Então, isso debconf-set-selectionsacontece automaticamente? Ou são os scripts de instalação que fazem isso? Alguma outra opção?

Estou tentando backport nanomsgde jessiepara squeeze. Mas quando eu corro:

dget http://http.debian.net/debian/pool/main/n/nanomsg/nanomsg_0.4~beta+dfsg-3.dsc

Diz:

dscverify: nanomsg_0.4~beta+dfsg-3.dsc failed signature check:
gpg: Signature made Fri 29 Aug 2014 09:49:58 PM EEST using RSA key ID 864CC8BF
gpg: Can't check signature: public key not found
Validation FAILED!!

Vi pessoas sugerindo a instalação debian-keyringdessa versão específica adicionando a linha correspondente a sources.liste APT::Default-Release "stable";aapt.conf . Mas estou preocupado com isso poluindo meu sistema com pacotes do outro lançamento.

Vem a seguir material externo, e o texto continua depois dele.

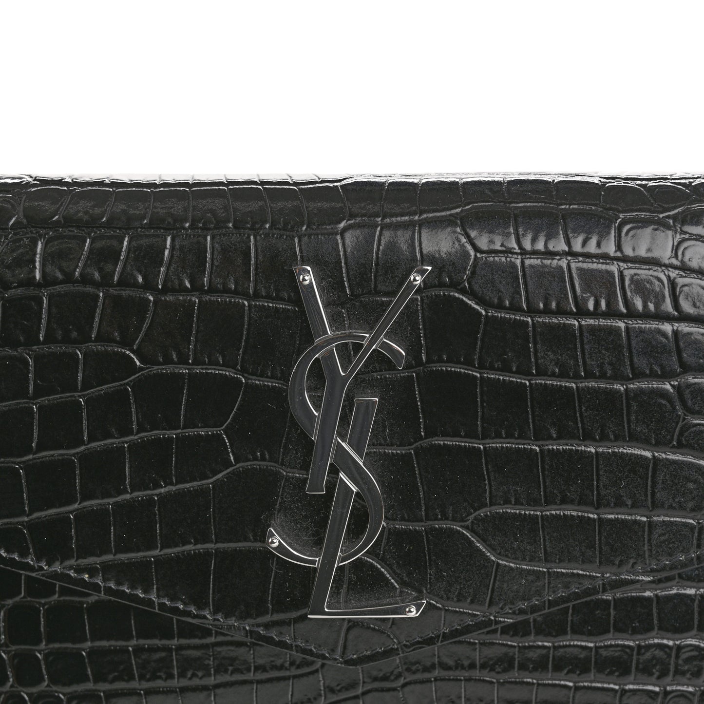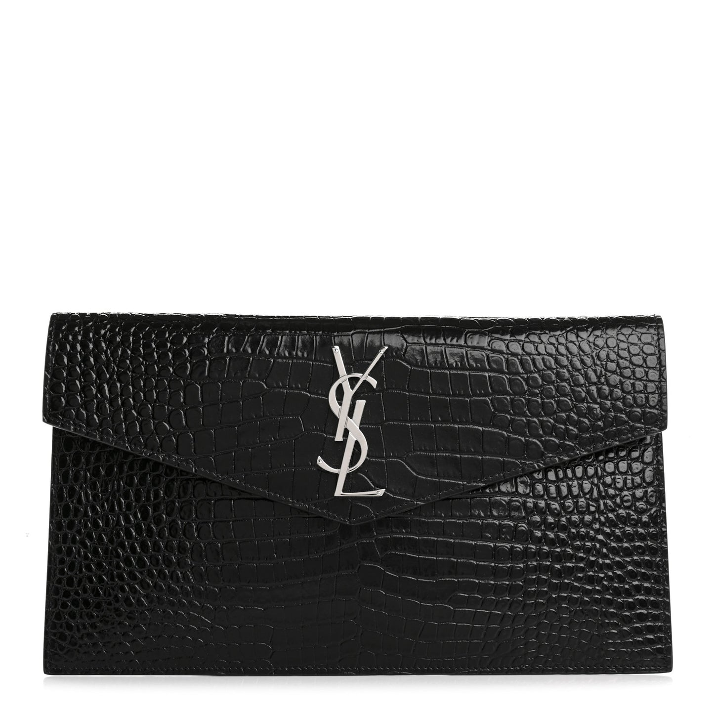 Saint Laurent/ Bags/ Clutch & Evening /Saint Laurent Calfskin Crocodile Embossed Uptown Monogram Pouch Black

E se estamos falando squeezeaqui. Eu não posso colocar stable, apt.confposso? Já que stableé jessieagora. E se eu colocar squeezeaí, é mais uma coisa para não esquecer na hora de atualizar debian.

Eu gostaria que pudesse fazer o download com segurança debian-keyringe jessieadicionar keyring /path/to/debian-keyring.gpga ~/.gnupg/gpg.conf(ou configuraçãoDSCVERIFY_KEYRINGS ?) Para fazê-lo funcionar. É possível? Como devo proceder sobre o assunto?